I’m trying to get usable data from CD-DA with pycdio:
import os, io, cdio, pycdio
from pydub import AudioSegment
# Initialize the CD drive
cd = cdio.Device(driver_id=pycdio.DRIVER_LINUX)
cd.open()
track_num = 1
if cd.get_track( track_num ).get_format() == 'audio': # Make sure its an Audio track first
# Get necessary track information to read
lsn_start = cd.get_track( track_num ).get_lsn()
lsn_end = cd.get_track( track_num ).get_last_lsn()
nblocks = lsn_end - lsn_start + 1
read_mode = pycdio.READ_MODE_AUDIO
blocks, data = cd.read_sectors( lsn_start , read_mode, 55 ) # 0-55 only
#bytes( data ) # Doesn't work unless encoding is supplied
#io.BytesIO( data ) # Doesn't work
#data.getvalue() # Doesn't work. Not bytestring, just string
I’m specifically trying to do this without using external applications through subprocess or pipe.
I don’t seem to be able to tell what type of encoding is used in the str object returned.
I’ve tried
print( "Test chardet:", chardet.detect( data )['encoding'] )
,
but it says this is a ‘str’ object.
If I try to work with it as a string, I get:
UnicodeEncodeError: 'utf-8' codec can't encode characters in position 0-19: surrogates not allowed
that & bytes( data ) show it definitely isn’t utf-8
I’ve tried brute force testing what will encode with bytes() with all 97 encodings listed for Python 3.12 on: this page, as well as 16 more Python-specific encodings, listed at the same address.
for i in data_encoding:
try:
bytes(data, encoding=i)
print( i, "Good" )
I get:
utf_7 Good
punycode Good
raw_unicode_escape Good
unicode_escape Good
To be clear, I wasn’t expecting to get the data returned as type str
, and am not sure how to extract usable bytes from it without using a function like bytes(), or if I am using it incorrectly here for what I need.
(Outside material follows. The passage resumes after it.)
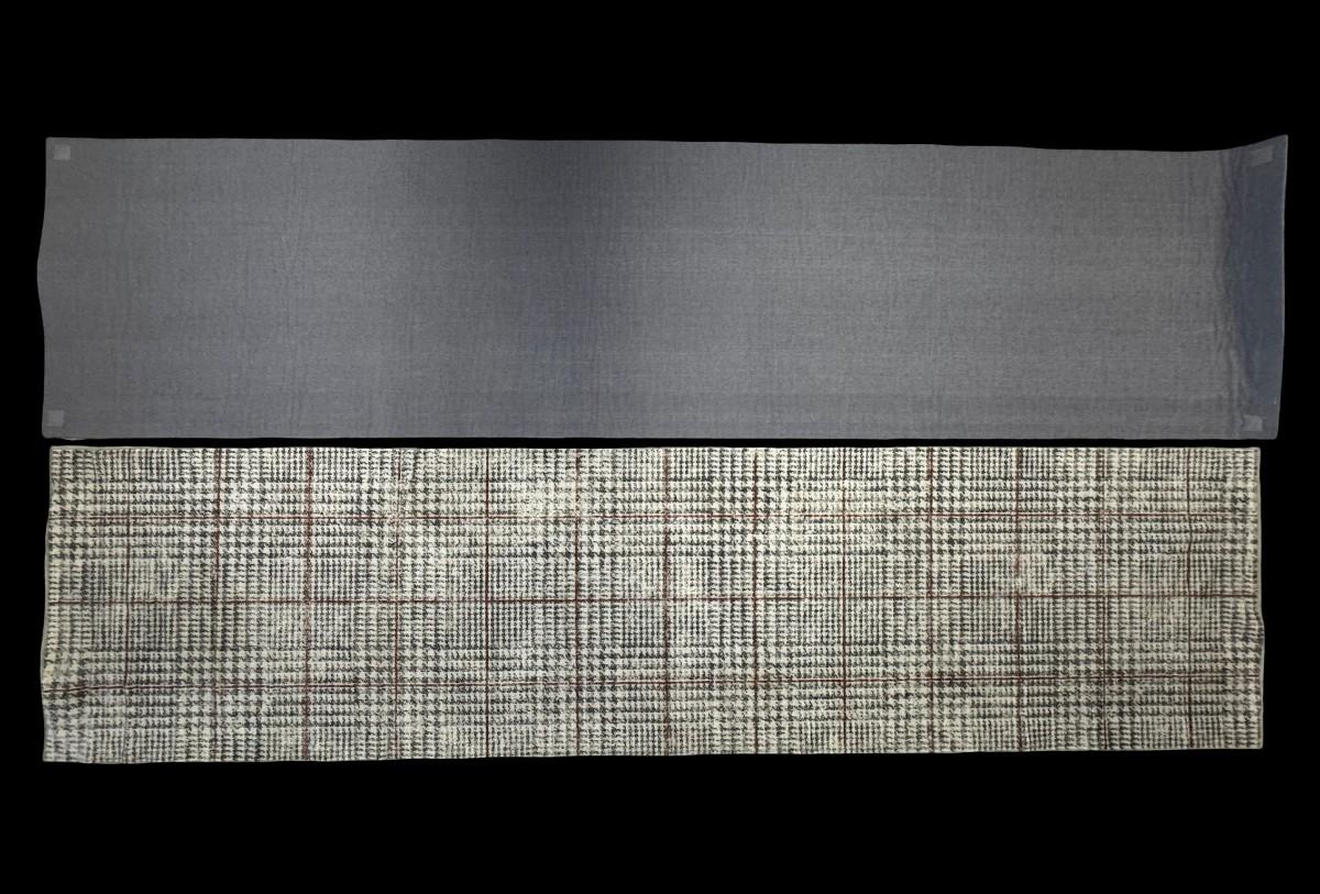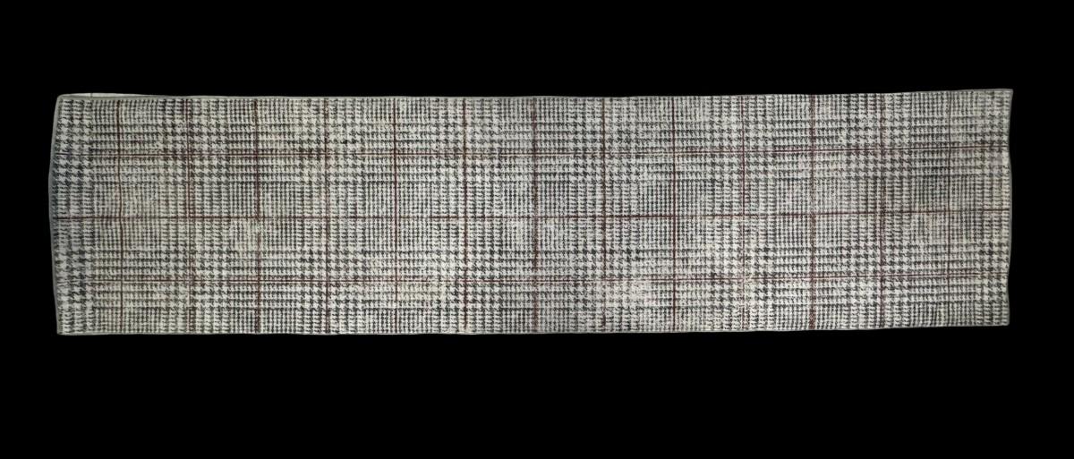 This is a two-piece washable rug system, comprised of a rug cover and rug pad. It has a built-in waterproof barrier. It is stain resistant, water resistant, and machine washable. Glen Plaid pattern. Age related wear. Measurement: 120”L x 30”W. [RS]

Would also accept other library recommendations, if that would be better. I’m trying to get the track from disc into memory without writing to the HD, and work with it as an AudioSegment.
1
Took me longer than I’d like to admit to give in and ask the question, but it seems this is the answer:
bytes( data.encode('utf-8', errors='surrogateescape') )
Found that pycdio uses SWIG to work with libcdio, and from the Swig Documentation:
“By default, any byte string (char* or std::string) returned from C or C++ code is decoded to text as UTF-8. This decoding uses the surrogateescape error handler under Python 3.1 or higher — this error handler decodes invalid byte sequences to high surrogate characters in the range U+DC80 to U+DCFF.”
Entire command to get it to AudioSegment:
Segment = AudioSegment.from_raw( BytesIO( bytes( data.encode( 'utf-8', errors='surrogateescape' ) ) ), sample_width=2, frame_rate=44100, channels=2 )